The TMEM127 gene is located on chromosome 2q11.2 and loss of function mutations lead to PCC/PGL [94]. TMEM127 encodes transmembrane protein 127 believed to play a role in mTORC1 signaling pathway [94]. The patients with germline TMEM127 mutations have a low penetrance of disease. These mutation carriers can develop PCC/PGL in any location, often having bilateral adrenal PCC [95, 96]. The average age of onset is similar to sporadic tumors at 45 years old, and the rate of malignancy is low.
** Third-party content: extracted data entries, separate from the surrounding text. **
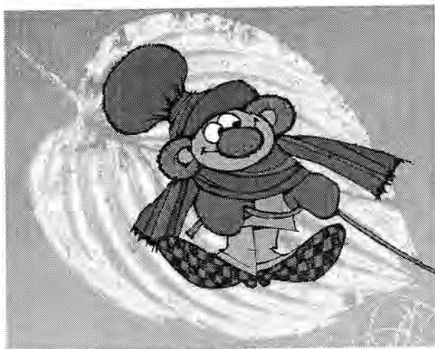
Rákosníček na bílém listu

Na Brčálník ještě nestačila padnout sněhová peřina a už ho přepadla pořádná zima. Rybník zamrzl od břehu ke břehu a led byl tlustý na tři Rákosníčkovy palce.
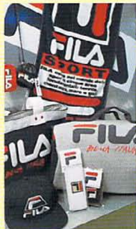
バックは左¥7800、右¥7600。リストバンドなどの小物も揃う。
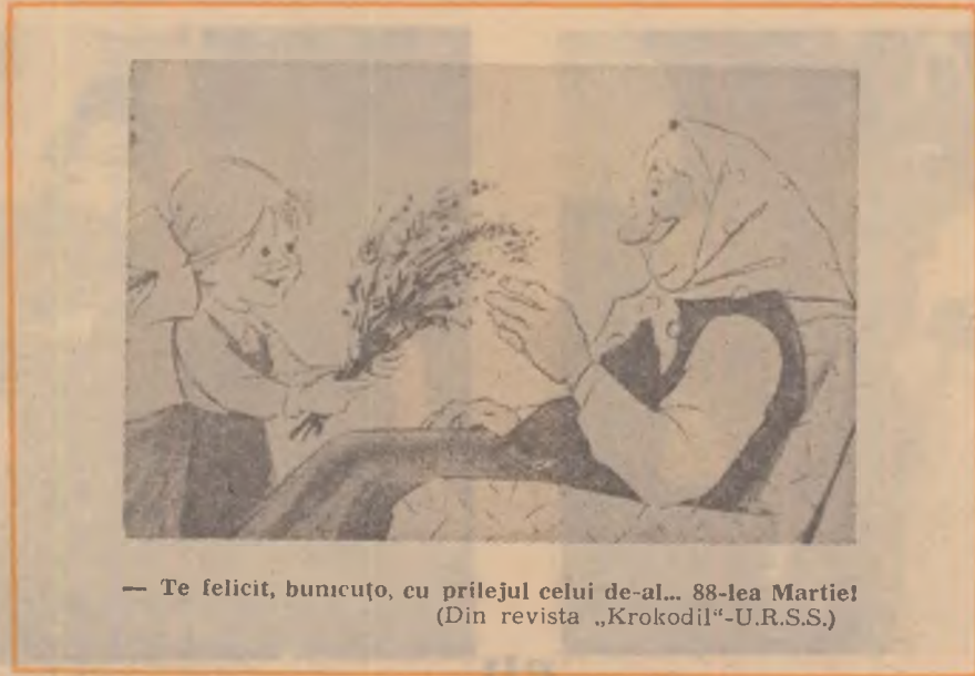
— Te felicit, bunucufo, cu prilejul celui de-al... 88-lea Martie! (Din revista „Krokodil“-U.R.S.S.)
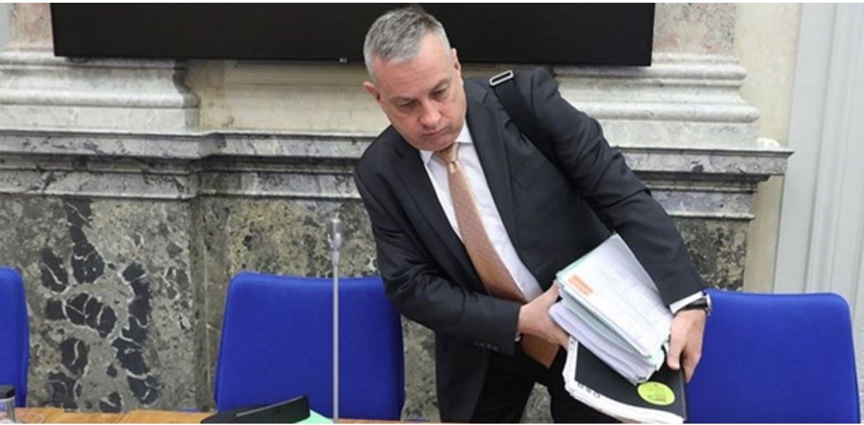
Popisek: Josef Síkela, ministr průmyslu a obchodu

Se zdražováním energií chce vláda bojovat pomocí plošné podpory pro firmy i domácnosti, jež bude limitovaná na určité odebírané množství. Ministr průmyslu a obchodu Jozef Síkela (za STAN) oznámil, že by se tak mělo dít pomocí „úsporného tarifu“, který pokryje 15 až 20 % cen energií.
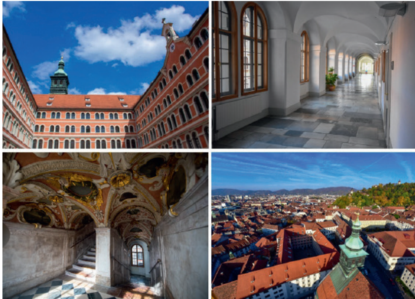
Priesterseminar Graz

Rare cases of RCC have been found in TMEM127 mutation carriers [97].
The MAX gene, located on chromosome 14q23, was found to be a PCC/PGL susceptibility gene through germline exome sequencing [98]. MAX encodes a basic helix-loop-helix leucine zipper protein called MYC-associated protein X (MAX), which heterodimerizes with MYC or MYC repressors to act as a transcription factor for numerous genes involved in cell proliferation, differentiation, and apoptosis [99, 100]. Patients with MAX mutations tend to have adrenal PCC which are often bilateral and can be multifocal within a single adrenal gland; furthermore, there may be an association with an increased risk of malignancy, although this has not been replicated in a second cohort study [98, 101]. The number of patients with MAX mutations identified thus far is quite small making the phenotype difficult to define.
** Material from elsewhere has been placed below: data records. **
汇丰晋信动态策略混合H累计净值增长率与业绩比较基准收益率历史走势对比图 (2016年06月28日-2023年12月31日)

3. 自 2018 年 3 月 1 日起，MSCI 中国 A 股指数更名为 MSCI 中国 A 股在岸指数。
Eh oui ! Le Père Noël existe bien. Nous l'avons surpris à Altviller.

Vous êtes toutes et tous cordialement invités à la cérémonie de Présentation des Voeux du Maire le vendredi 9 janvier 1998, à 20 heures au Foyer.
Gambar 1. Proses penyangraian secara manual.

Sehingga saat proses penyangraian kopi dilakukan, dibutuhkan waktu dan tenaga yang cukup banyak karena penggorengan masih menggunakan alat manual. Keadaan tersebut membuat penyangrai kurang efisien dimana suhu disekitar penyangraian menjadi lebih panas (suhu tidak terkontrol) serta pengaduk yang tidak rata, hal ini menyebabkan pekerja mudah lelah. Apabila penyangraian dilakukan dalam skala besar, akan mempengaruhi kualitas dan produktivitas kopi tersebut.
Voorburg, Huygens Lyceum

Inactivating mutations in the fumarate hydratase (FH) gene cause hereditary leiomyomatosis and Renal Cell Cancer (HLRCC) syndrome which is an autosomal dominant condition where patients develop smooth muscle tumors (leiomyomas) and type 2 papillary renal cell carcinoma [102]. Rare families with PCC/PGL have been found to carry germline FH mutations, and there may be an associated increased risk of metastatic disease [103, 104]. The FH gene is located on chromosome 1q42.1 and encodes the enzyme fumarate hydratase which converts fumarate to malate in the Krebs cycle. PCC/PGL with FH mutations have similar molecular consequences to PCC/PGL with SDHx mutations including pseudohypoxia and hypermethylation as fumarate shares structural similarities to succinate leading to similar inhibition of the 2-oxoglutarate-dependent dioxygenases [64, 103, 104].